## What to do:
Restate the records word for word. Include no pictures.

Excerpts from a dataset
>>
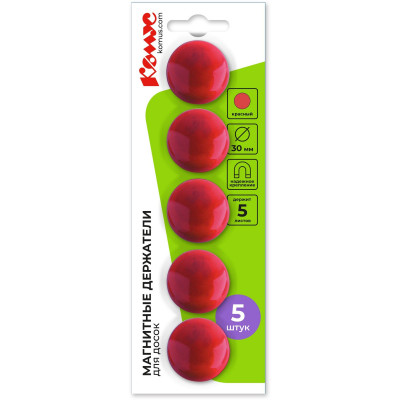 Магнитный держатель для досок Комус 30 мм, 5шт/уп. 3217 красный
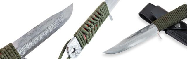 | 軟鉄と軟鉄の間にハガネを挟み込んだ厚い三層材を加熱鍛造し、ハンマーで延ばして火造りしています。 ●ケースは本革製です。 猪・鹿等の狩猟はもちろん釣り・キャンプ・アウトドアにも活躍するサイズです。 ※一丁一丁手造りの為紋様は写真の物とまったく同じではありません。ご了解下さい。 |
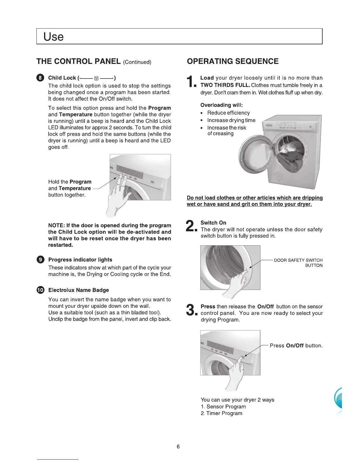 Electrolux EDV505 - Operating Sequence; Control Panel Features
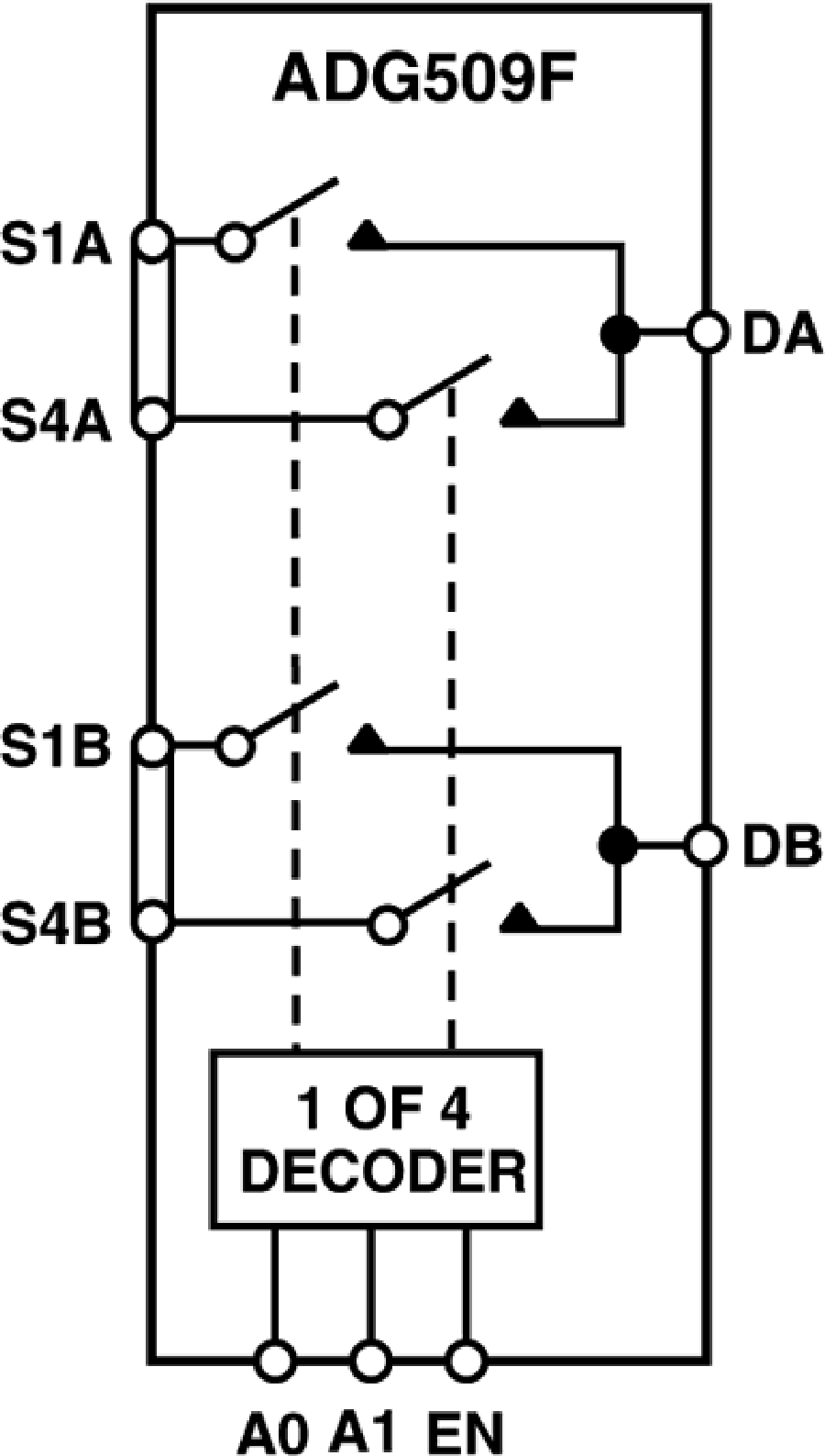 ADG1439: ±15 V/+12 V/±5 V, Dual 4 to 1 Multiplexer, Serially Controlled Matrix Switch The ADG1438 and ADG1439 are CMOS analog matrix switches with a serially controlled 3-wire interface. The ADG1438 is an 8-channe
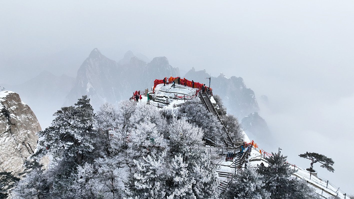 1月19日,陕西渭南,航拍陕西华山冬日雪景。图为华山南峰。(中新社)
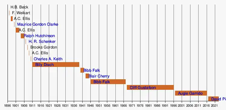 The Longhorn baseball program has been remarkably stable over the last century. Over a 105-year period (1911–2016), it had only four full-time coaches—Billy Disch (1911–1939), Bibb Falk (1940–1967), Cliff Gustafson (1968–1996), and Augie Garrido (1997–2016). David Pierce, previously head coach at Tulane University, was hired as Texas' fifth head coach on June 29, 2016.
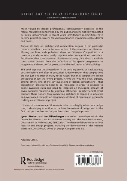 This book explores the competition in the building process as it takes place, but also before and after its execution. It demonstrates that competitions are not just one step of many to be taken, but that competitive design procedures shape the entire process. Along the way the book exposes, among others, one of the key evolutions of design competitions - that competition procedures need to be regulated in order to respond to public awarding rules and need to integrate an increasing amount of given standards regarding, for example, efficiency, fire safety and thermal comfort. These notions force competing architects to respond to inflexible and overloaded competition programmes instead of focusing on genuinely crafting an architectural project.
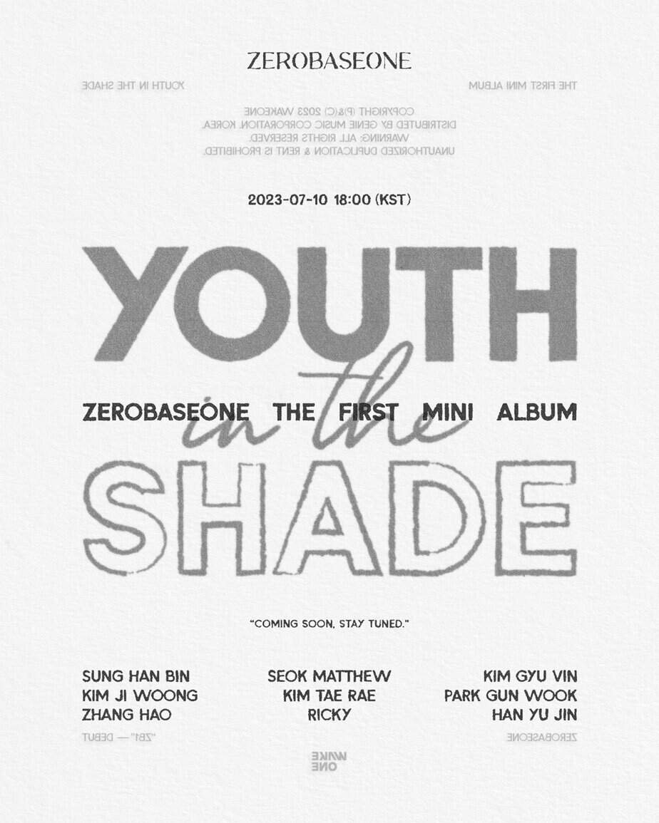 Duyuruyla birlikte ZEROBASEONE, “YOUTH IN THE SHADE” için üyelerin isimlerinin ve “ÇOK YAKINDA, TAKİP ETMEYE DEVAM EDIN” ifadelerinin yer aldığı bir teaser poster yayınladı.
<<
## Result of this exercise:
 Магнитный держатель для досок Комус 30 мм, 5шт/уп. 3217 красный
 | 軟鉄と軟鉄の間にハガネを挟み込んだ厚い三層材を加熱鍛造し、ハンマーで延ばして火造りしています。 ●ケースは本革製です。 猪・鹿等の狩猟はもちろん釣り・キャンプ・アウトドアにも活躍するサイズです。 ※一丁一丁手造りの為紋様は写真の物とまったく同じではありません。ご了解下さい。 |
 Electrolux EDV505 - Operating Sequence; Control Panel Features
 ADG1439: ±15 V/+12 V/±5 V, Dual 4 to 1 Multiplexer, Serially Controlled Matrix Switch The ADG1438 and ADG1439 are CMOS analog matrix switches with a serially controlled 3-wire interface. The ADG1438 is an 8-channe
 1月19日,陕西渭南,航拍陕西华山冬日雪景。图为华山南峰。(中新社)
 The Longhorn baseball program has been remarkably stable over the last century. Over a 105-year period (1911–2016), it had only four full-time coaches—Billy Disch (1911–1939), Bibb Falk (1940–1967), Cliff Gustafson (1968–1996), and Augie Garrido (1997–2016). David Pierce, previously head coach at Tulane University, was hired as Texas' fifth head coach on June 29, 2016.
 This book explores the competition in the building process as it takes place, but also before and after its execution. It demonstrates that competitions are not just one step of many to be taken, but that competitive design procedures shape the entire process. Along the way the book exposes, among others, one of the key evolutions of design competitions - that competition procedures need to be regulated in order to respond to public awarding rules and need to integrate an increasing amount of given standards regarding, for example, efficiency, fire safety and thermal comfort. These notions force competing architects to respond to inflexible and overloaded competition programmes instead of focusing on genuinely crafting an architectural project.
 Duyuruyla birlikte ZEROBASEONE, “YOUTH IN THE SHADE” için üyelerin isimlerinin ve “ÇOK YAKINDA, TAKİP ETMEYE DEVAM EDIN” ifadelerinin yer aldığı bir teaser poster yayınladı.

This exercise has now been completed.